Problem details:
Verbatim copy without images: return all of the data as it stands.

Data segment:
****************************************

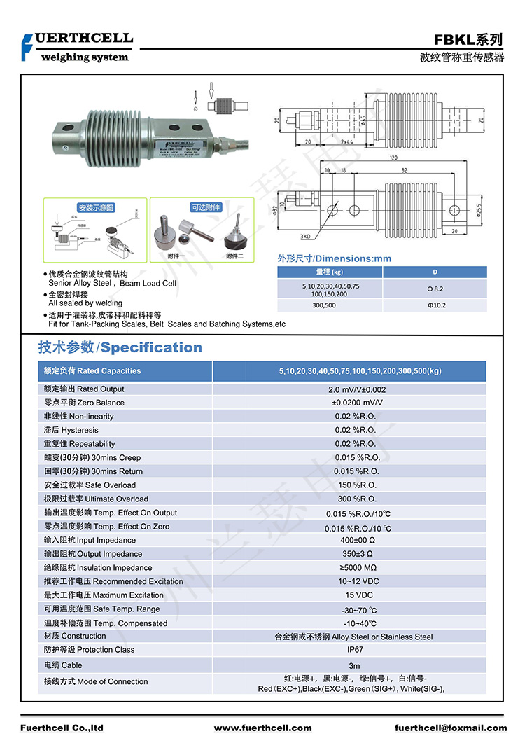 美國FUERTHCELL FBKL-50KG稱重傳感器產(chǎn)品參數(shù):
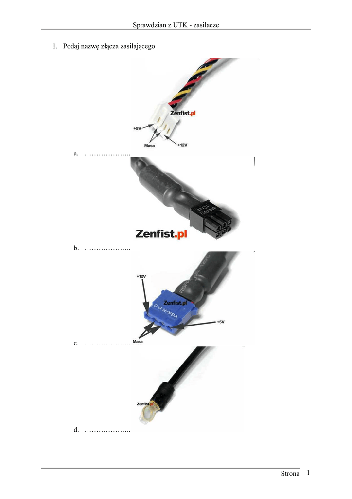 Sprawdzian z UTK - zasilacze Strona 1 1. Podaj nazwę złącza
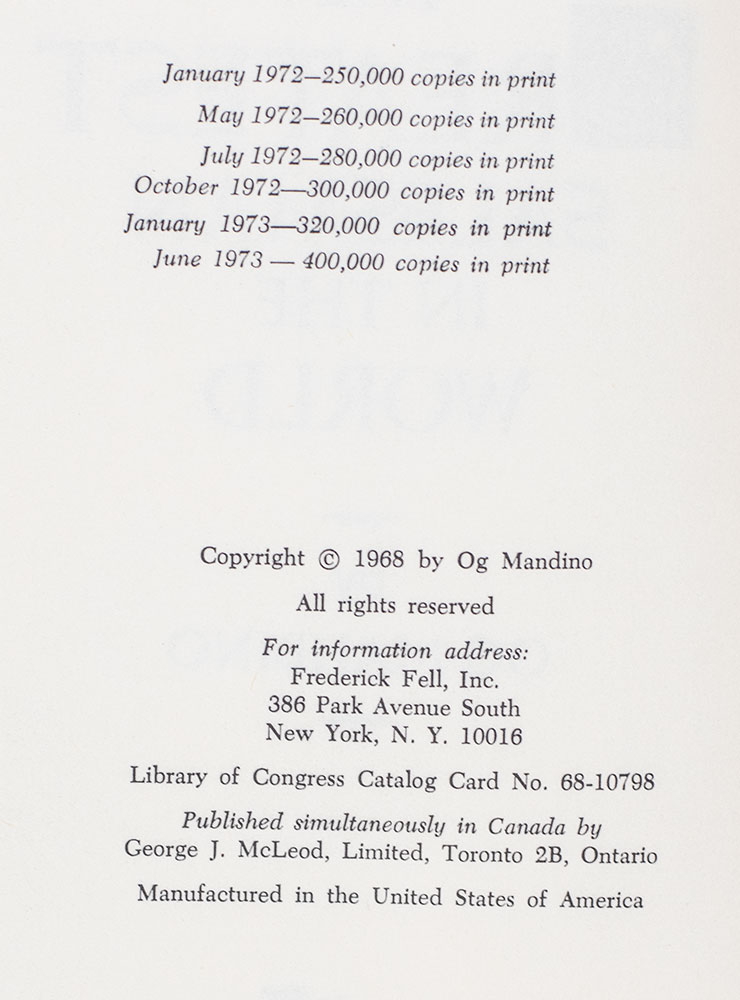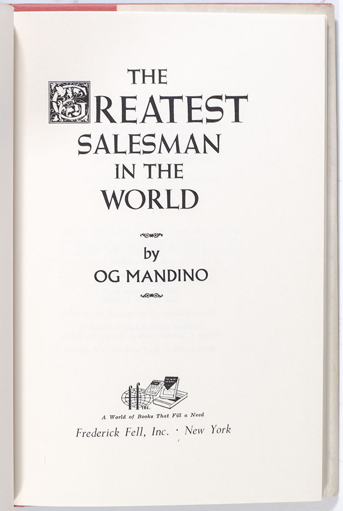 Early printing Mandino's classic work on salesmanship and success. Octavo, original cloth. Boldly signed by Og Mandino on the front free endpaper. Fine in a near fine price-clipped dust jacket.

****************************************

Response to this exercise:
 美國FUERTHCELL FBKL-50KG稱重傳感器產(chǎn)品參數(shù):
 Sprawdzian z UTK - zasilacze Strona 1 1. Podaj nazwę złącza
 Early printing Mandino's classic work on salesmanship and success. Octavo, original cloth. Boldly signed by Og Mandino on the front free endpaper. Fine in a near fine price-clipped dust jacket.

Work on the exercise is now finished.